As soon as he set the box down, he relaxed, immediately turned to leave. But his gentle care and caution from before was gone, and he just as quickly tripped on the leg of the chair, causing Alex’s bag to fall off from the edge of her desk. The sound caused him to jump, the crash echoing loudly through the empty room, but the silence returned just as quickly. Nobody had been close enough to hear.
Carefully, he set her bag back on the chair, just as it had been before his stumble. As he was carrying it up from the floor, however, something slipped out of one of the inner pockets, hit the floor lightly with a thud. He ignored that something for now, gently laying down the bag, moving the cat keychain back to its original position in hugging the gift box. Then, he crouched down to pick up whatever he had dropped so that he could put it back into the bag.
What lay on the ground before was now in his hand. A small, unlabeled bottle, with several (also unlabeled) white pills in it.
After getting over the initial shock, he stuffed the bottle back into the bag anyways, unsure of whether it was the same pocket that the pills had fallen from. None of this was at all part of his plans. He wasn’t supposed to learn anything about her, anything that disrupted his perfect world. Now that he knew something, now that he’d seen something, he wished he could pretend it didn’t exist.
It wasn’t even anything important. For all he knew, he’d only managed to find Alex’s cold medicine. Still, he had no way of knowing, and the uncertainty crawled at him.

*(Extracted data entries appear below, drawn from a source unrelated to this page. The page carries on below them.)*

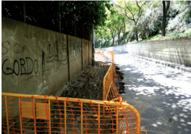
Les obres de millora de l'entorn del Rec Comtal han començat a principi del mes de maig

Les obres per adequar l'entorn del Rec Comtal entre Can Sant Joan i Vallbona van començar a principi de maig. Els treballs, valorats en més de 700.000 euros, estan finançats per l'Ajuntament de Barcelona, gràcies a un conveni urbanístic amb el consistori montcadenc. El projecte, que dona resposta a les reivindicacions dels veïns, inclou la reurbanització del passatge del Reixagó, on es renovaran les voreres, la calçada i la il·luminació.
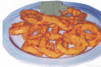
CALAMARES „A LA ROMANA“ Frittierte Tintenfischringe
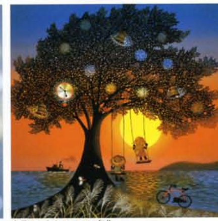
夕日のぶらんこ 2002年作

東京都写真美術館 地下1階・映像展示室 (恵比寿ガーデンプレイス内) 〒153-0062 東京都目黒区三田1-13-3 TEL: 03-3280-0099 JR恵比寿駅東口より徒歩約7分 http://www.syabi.com/

For the first time in his life, he was curious about someone. It was an alien, almost frightening thought, to care about what another person did with her life. He’d have to wait until after the winter break to see her reaction to what he had given her, to ask her about what he had seen. It was such a small thing, acting without thinking, seeing something he had never known.
But then again, Alex’s words had been little, imperfect things, too, and so were all of the days and months that he had wandered the halls. It was the little things that had broken apart his perfect universe. The smallest things that he had missed.
Maybe he’d actually go talk to her for the first time, after the break was over.